* _Assigned task_
In the listing below, find the line with "VTG 22Kt Gold" and the line with "- Defect pixel", then return them and every line between them exactly, minus the pictures.

* _Records provided_

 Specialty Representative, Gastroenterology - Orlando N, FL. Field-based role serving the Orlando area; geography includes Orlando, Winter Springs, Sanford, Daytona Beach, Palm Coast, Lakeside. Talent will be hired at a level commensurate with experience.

---

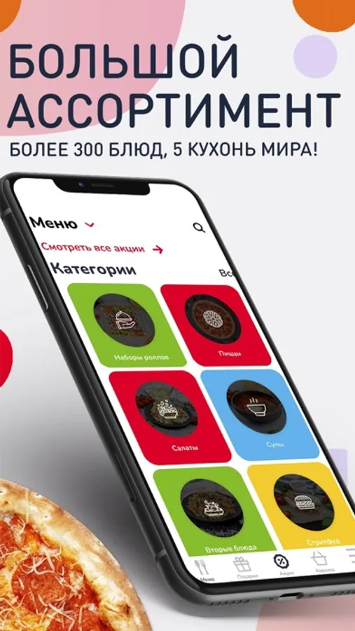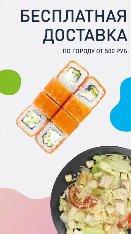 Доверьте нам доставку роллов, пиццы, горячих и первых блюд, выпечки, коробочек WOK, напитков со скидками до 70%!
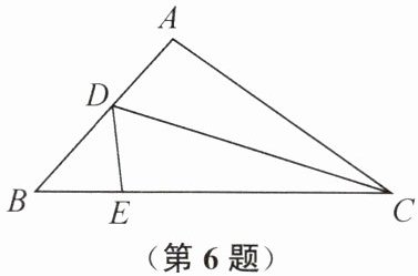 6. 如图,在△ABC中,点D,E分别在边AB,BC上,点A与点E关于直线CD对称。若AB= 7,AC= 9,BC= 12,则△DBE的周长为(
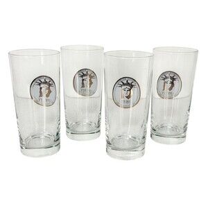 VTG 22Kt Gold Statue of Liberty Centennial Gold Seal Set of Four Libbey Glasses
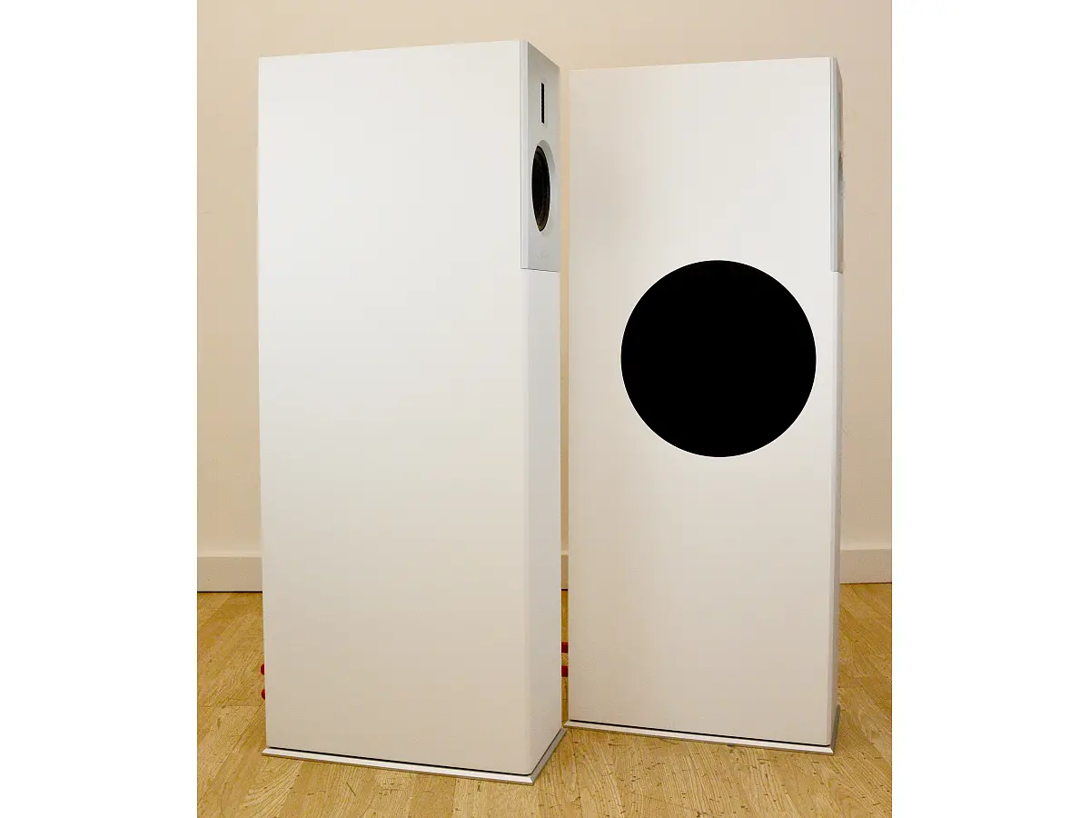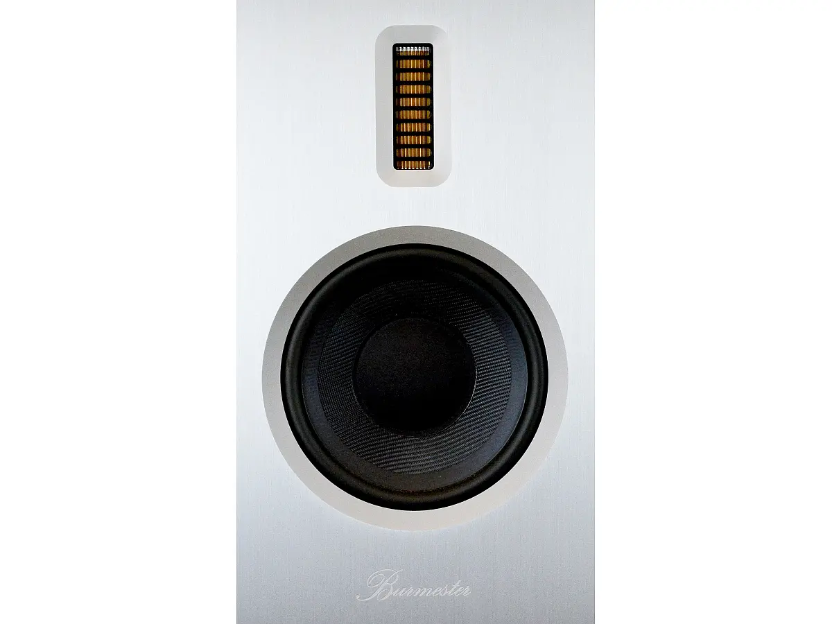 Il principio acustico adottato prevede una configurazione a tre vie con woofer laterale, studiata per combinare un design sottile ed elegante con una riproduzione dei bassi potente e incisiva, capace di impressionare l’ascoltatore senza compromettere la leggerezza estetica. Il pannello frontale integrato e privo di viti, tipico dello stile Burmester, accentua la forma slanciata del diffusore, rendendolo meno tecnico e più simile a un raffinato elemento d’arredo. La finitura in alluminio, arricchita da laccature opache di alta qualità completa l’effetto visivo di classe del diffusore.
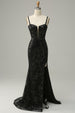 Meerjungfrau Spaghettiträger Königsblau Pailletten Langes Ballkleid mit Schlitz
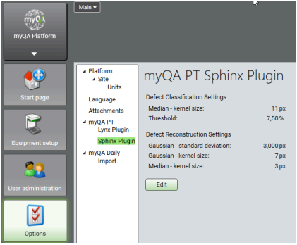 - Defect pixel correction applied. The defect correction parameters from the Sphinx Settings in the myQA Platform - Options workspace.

==

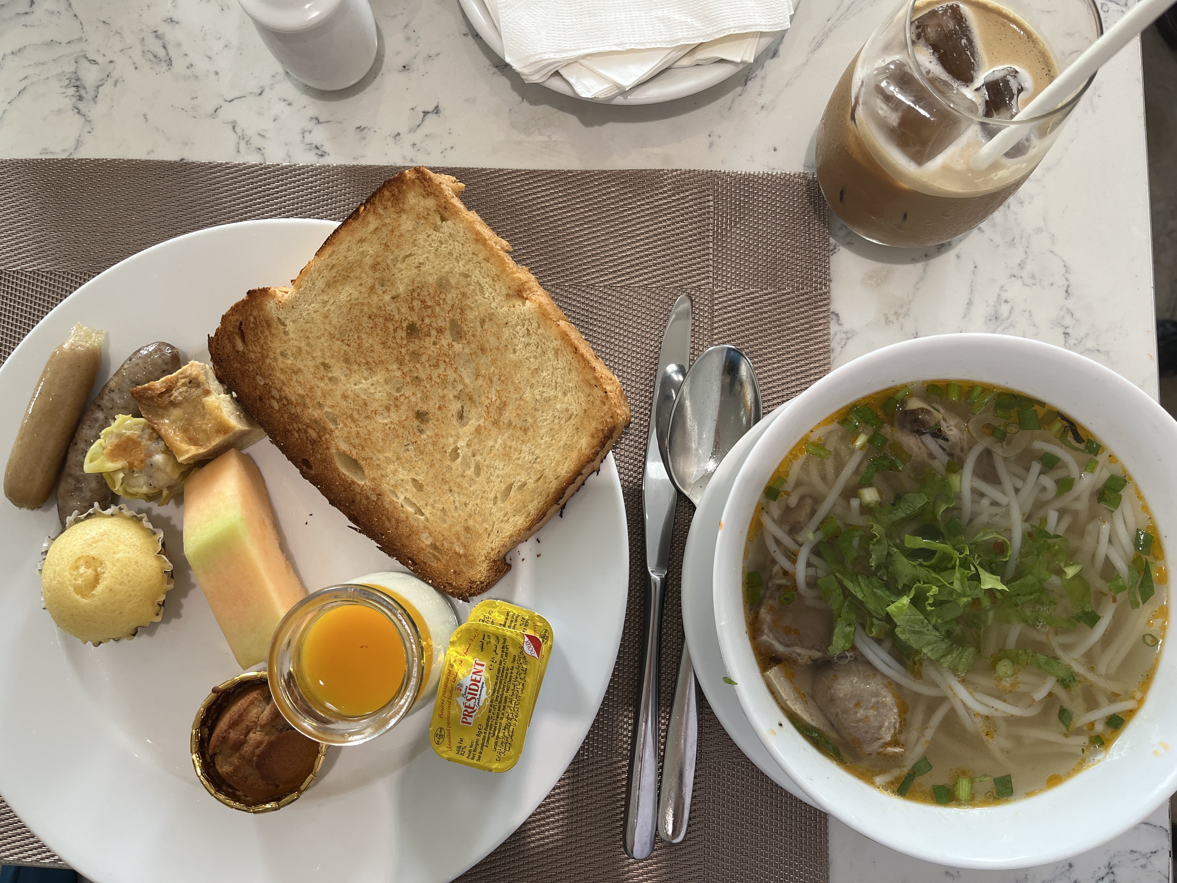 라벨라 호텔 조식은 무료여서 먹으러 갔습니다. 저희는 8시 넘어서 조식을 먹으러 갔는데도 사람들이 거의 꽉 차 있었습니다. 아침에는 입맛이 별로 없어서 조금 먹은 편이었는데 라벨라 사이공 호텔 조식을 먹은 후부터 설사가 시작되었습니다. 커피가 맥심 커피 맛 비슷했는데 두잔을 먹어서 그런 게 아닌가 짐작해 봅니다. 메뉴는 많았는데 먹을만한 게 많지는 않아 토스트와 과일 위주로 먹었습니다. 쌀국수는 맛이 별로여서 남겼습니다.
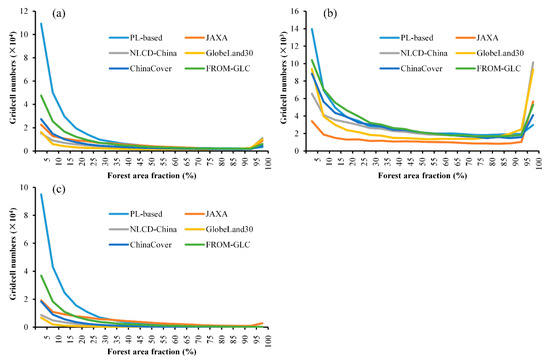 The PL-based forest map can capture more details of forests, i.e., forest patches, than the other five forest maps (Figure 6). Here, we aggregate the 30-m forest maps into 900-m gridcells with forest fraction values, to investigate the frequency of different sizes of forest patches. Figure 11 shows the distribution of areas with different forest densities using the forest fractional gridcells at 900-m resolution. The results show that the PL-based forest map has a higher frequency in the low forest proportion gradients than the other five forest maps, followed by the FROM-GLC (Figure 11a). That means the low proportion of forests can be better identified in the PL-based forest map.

* _Worked solution_
 VTG 22Kt Gold Statue of Liberty Centennial Gold Seal Set of Four Libbey Glasses
 Il principio acustico adottato prevede una configurazione a tre vie con woofer laterale, studiata per combinare un design sottile ed elegante con una riproduzione dei bassi potente e incisiva, capace di impressionare l’ascoltatore senza compromettere la leggerezza estetica. Il pannello frontale integrato e privo di viti, tipico dello stile Burmester, accentua la forma slanciata del diffusore, rendendolo meno tecnico e più simile a un raffinato elemento d’arredo. La finitura in alluminio, arricchita da laccature opache di alta qualità completa l’effetto visivo di classe del diffusore.
 Meerjungfrau Spaghettiträger Königsblau Pailletten Langes Ballkleid mit Schlitz
 - Defect pixel correction applied. The defect correction parameters from the Sphinx Settings in the myQA Platform - Options workspace.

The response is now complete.